Your goal:
Down to the last line, set down the material below exactly; skip the pictures.

Collected material:
++++

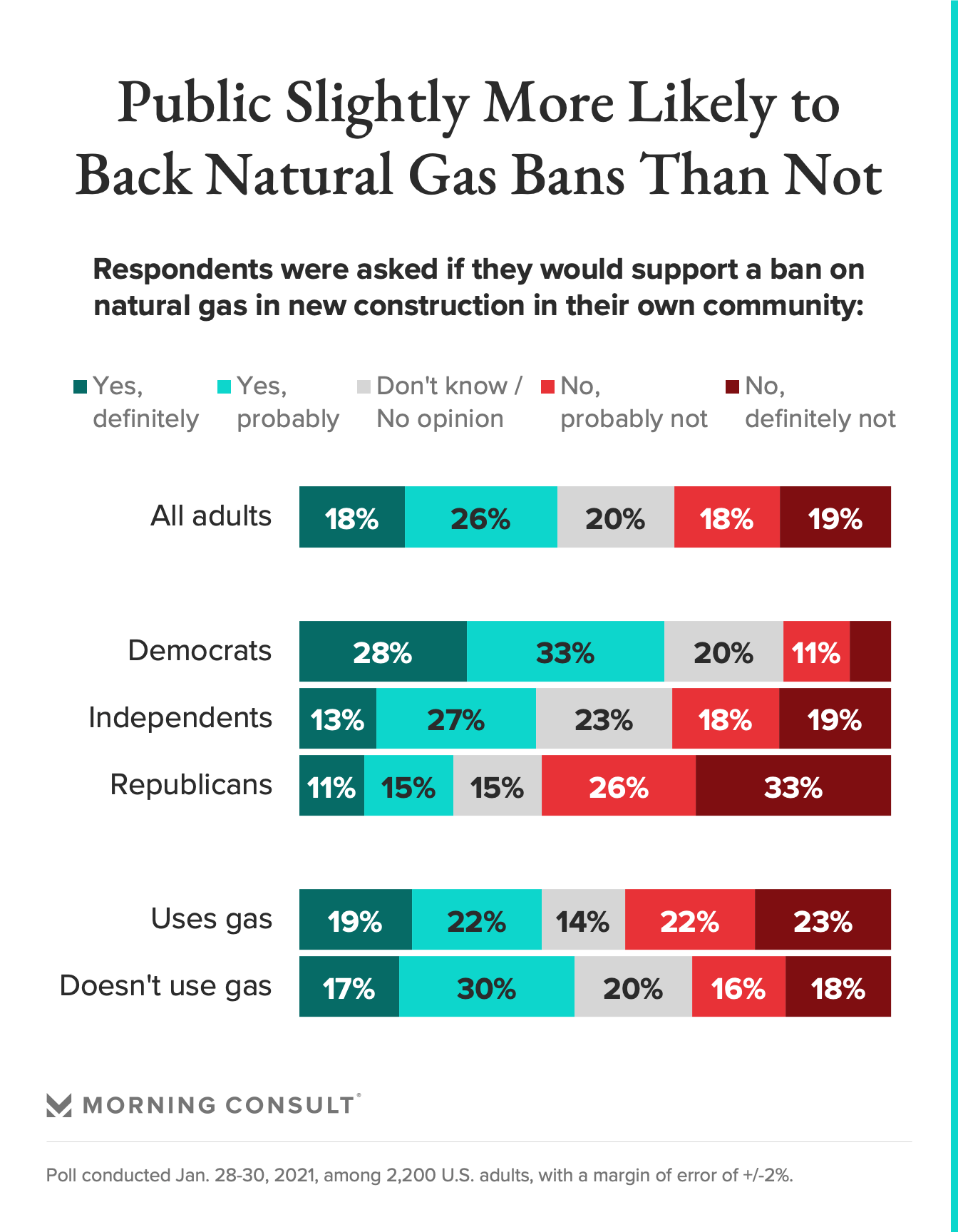 And while those who currently use natural gas to heat their homes were less likely to support the potential bans than those who do not, the margin was similarly small, at 41 percent and 47 percent, respectively.
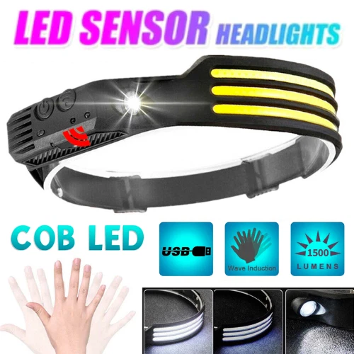 COB + LED Rechargeable Headlamp Headlight Torch Work Light Head Band Lamp 6000K Features: ❤️ Bright & 230°Wide Beam: Featuring high bright COB and LED light source, this wide beam headlamp offers a 230°wide-angle illumination and 1200Lumens instead of lighting up only a small area in front of you like traditional headlight. It has an extra bright LED spot light suitable for a variety of scenarios to meet your various needs, for example, camping, running, biking, working and repairing. ❤️ Motion Sensor & Easy to use: This rechargeable induction headlamp designed with motion sensor mode, easily control the headlamp even if you have gloves on, won't dirty the unit as well as the gloves. Press the sensor button when the light is on, then you can switch the light ON/OFF by waving your hand. If there is any obstacle within 10 cm in front of the sensor receiver the light will also ON/OFF when sensor mode. Red and green indicator lights are on together when motion sensor mode. ❤️ For 3 White Light Model: lighting modes: COB 3 White High Mode, COB 3 White Low Mode, LED High Mode and LED Low Mode. Easy to operate, short press power button to switch the mode, long press to turn on strobe mode. ❤️ USB Rechargeable Headlamp: Built-in rechargeable 1500mAh large capacity battery. Not only saves the cost of replacing batteries but environmentally friendly. Charging time: 2h fully charged. Working time: 2-8h after fully recharged. Note: Working time will vary due to different lighting mode you use.) ❤️ Lightweight & Adjustable Headband: The led headband is made of ABS and silicone, it is soft and comfortable, just only 3.52 ounces. It's possible to fold but not affect the use, light weight and small size design can easily fits in your pocket. IPX4 waterproof means it is protected against splashing water from all angles, you don't need to worry if it rains or snows unexpectedly. Specification: Touch switch: strong light -> medium light -> long press and fast flashing, sensor switch Battery type: polymer lithium battery 1200mah Working voltage: 3.0V-4.5V Waterproof rating: IPX4 (not soaked in water) Body material: silicone Charging time: 3 hours (First gear) COB highlight: 350 lumens, lighting time 2.5~3H (Second gear) COB low light: 130 lumens, lighting time 3.5~4H (Third gear) XPE highlight: 120 lumens, lighting time 4~4.5H (Four gears) XPE low light: 50 lumens, lighting time 6*6.5H Package included: 1/2x Head Lamp 1/2x USB Cable Feedback: 1) Your Feedback is really important to us,please take a few seconds to leave great feedback if you are satisfied with our product or service, thank you so much! 2) We always offer the lowest price for best goods and service to you. 3) Please contact us before leaving neutral(3 stars) or negative(1-2 stars) feedback.We will try our best to solve the problem and leave you a happy shopping mood here. Thank you!
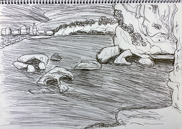 Die bewegliche Linie des Kulis, die den Bewegungen der Küste, des Wassers, der Bäume spielerisch folgt, und der farbliche Kontrast von Bleistift und Kuli zeigen sich in der digitalen Bearbeitung noch deutlicher.

++++

Your response:
 And while those who currently use natural gas to heat their homes were less likely to support the potential bans than those who do not, the margin was similarly small, at 41 percent and 47 percent, respectively.
 COB + LED Rechargeable Headlamp Headlight Torch Work Light Head Band Lamp 6000K Features: ❤️ Bright & 230°Wide Beam: Featuring high bright COB and LED light source, this wide beam headlamp offers a 230°wide-angle illumination and 1200Lumens instead of lighting up only a small area in front of you like traditional headlight. It has an extra bright LED spot light suitable for a variety of scenarios to meet your various needs, for example, camping, running, biking, working and repairing. ❤️ Motion Sensor & Easy to use: This rechargeable induction headlamp designed with motion sensor mode, easily control the headlamp even if you have gloves on, won't dirty the unit as well as the gloves. Press the sensor button when the light is on, then you can switch the light ON/OFF by waving your hand. If there is any obstacle within 10 cm in front of the sensor receiver the light will also ON/OFF when sensor mode. Red and green indicator lights are on together when motion sensor mode. ❤️ For 3 White Light Model: lighting modes: COB 3 White High Mode, COB 3 White Low Mode, LED High Mode and LED Low Mode. Easy to operate, short press power button to switch the mode, long press to turn on strobe mode. ❤️ USB Rechargeable Headlamp: Built-in rechargeable 1500mAh large capacity battery. Not only saves the cost of replacing batteries but environmentally friendly. Charging time: 2h fully charged. Working time: 2-8h after fully recharged. Note: Working time will vary due to different lighting mode you use.) ❤️ Lightweight & Adjustable Headband: The led headband is made of ABS and silicone, it is soft and comfortable, just only 3.52 ounces. It's possible to fold but not affect the use, light weight and small size design can easily fits in your pocket. IPX4 waterproof means it is protected against splashing water from all angles, you don't need to worry if it rains or snows unexpectedly. Specification: Touch switch: strong light -> medium light -> long press and fast flashing, sensor switch Battery type: polymer lithium battery 1200mah Working voltage: 3.0V-4.5V Waterproof rating: IPX4 (not soaked in water) Body material: silicone Charging time: 3 hours (First gear) COB highlight: 350 lumens, lighting time 2.5~3H (Second gear) COB low light: 130 lumens, lighting time 3.5~4H (Third gear) XPE highlight: 120 lumens, lighting time 4~4.5H (Four gears) XPE low light: 50 lumens, lighting time 6*6.5H Package included: 1/2x Head Lamp 1/2x USB Cable Feedback: 1) Your Feedback is really important to us,please take a few seconds to leave great feedback if you are satisfied with our product or service, thank you so much! 2) We always offer the lowest price for best goods and service to you. 3) Please contact us before leaving neutral(3 stars) or negative(1-2 stars) feedback.We will try our best to solve the problem and leave you a happy shopping mood here. Thank you!
 Die bewegliche Linie des Kulis, die den Bewegungen der Küste, des Wassers, der Bäume spielerisch folgt, und der farbliche Kontrast von Bleistift und Kuli zeigen sich in der digitalen Bearbeitung noch deutlicher.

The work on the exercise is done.